O curta-metragem brasileiro vencedor, Filhas de Lavadeiras, de Edileuza Penha de Souza, é comovente. Traz mulheres negras bem-sucedidas, como Benedita da Silva, Ruth de Souza e Conceição Evaristo, entre outras, lembrando-se de suas mães, que lavavam roupa para fora para poderem dar um futuro melhor às suas filhas. Em sua simplicidade, é afirmativo e fala muito da questão central do racismo estrutural à brasileira.

O festival escolheu dois filmes fortes para abrir e fechar o evento. Na abertura, mais um clássico de Patricio Guzmán, A Cordilheira dos Sonhos, fecho de sua trilogia sobre a ditadura chilena. No encerramento, Wim Wenders Desperado, dirigido por Andreas Frege e Eric Friedler.

Dois filmes importantes, intensos, algo atormentados. Um, exprimindo o desalento político diante de um presente que ainda traz muito da antiga ditadura.
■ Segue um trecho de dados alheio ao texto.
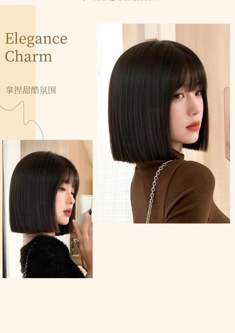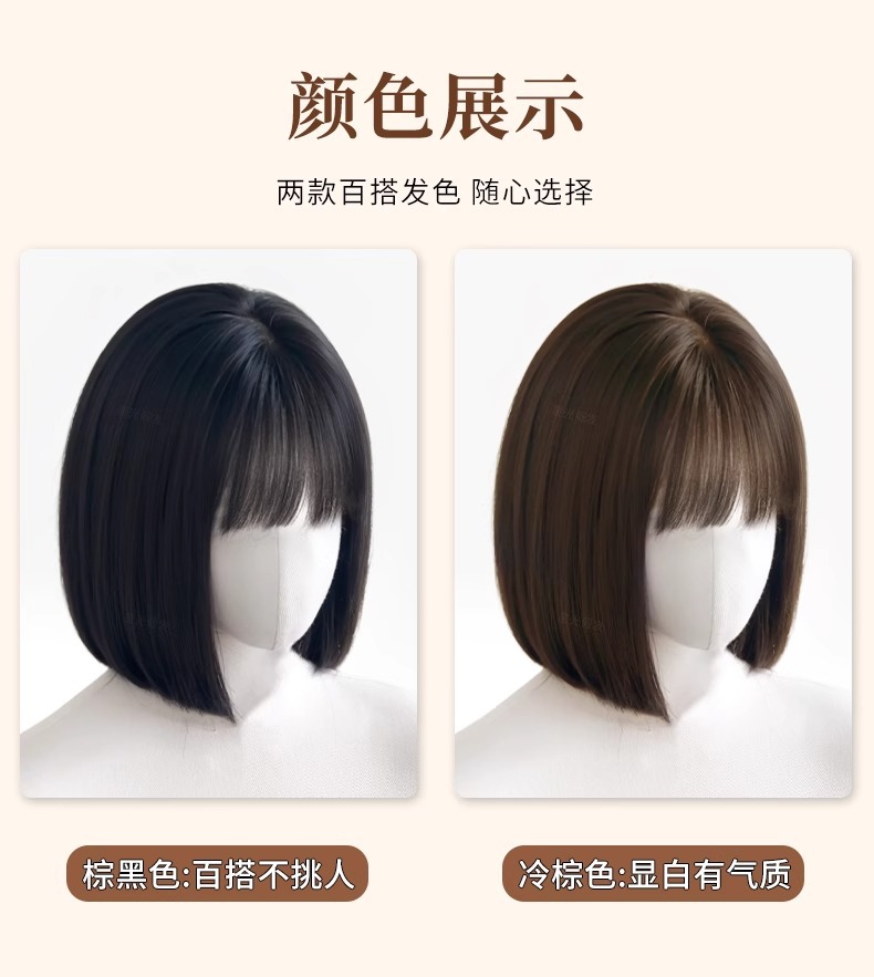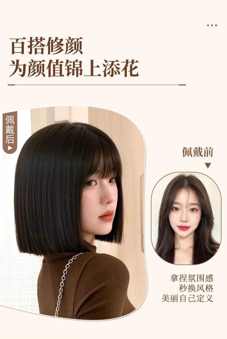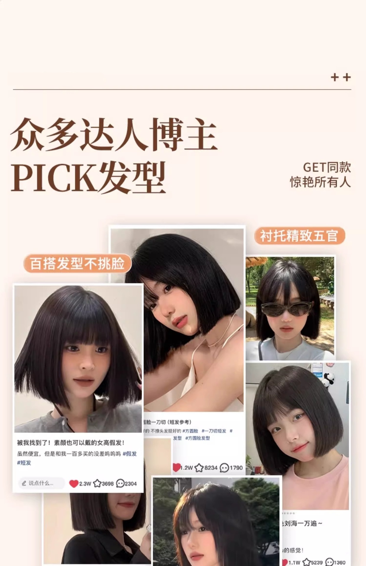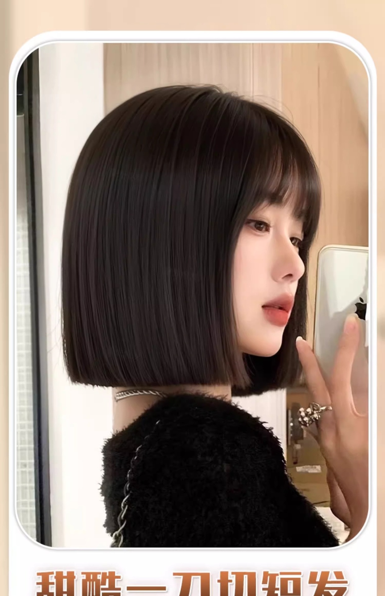 科尼假发网红韩式假发女短发一刀切气质修脸减龄中分亚麻浅棕短直

Como se o tempo não passasse. No segundo, o percurso atormentado de um criador, alemão, que tenta enraizar-se nos Estados Unidos a ponto de tornar-se norte-americano até que, pelo sofrimento de um fracasso – Hammett – se reconhece como europeu e alemão. Seu grande sucesso, Paris, Texas, não é norte-americano. É um filme europeu sobre os Estados Unidos. Não mudamos de nacionalidade como trocamos de camisa.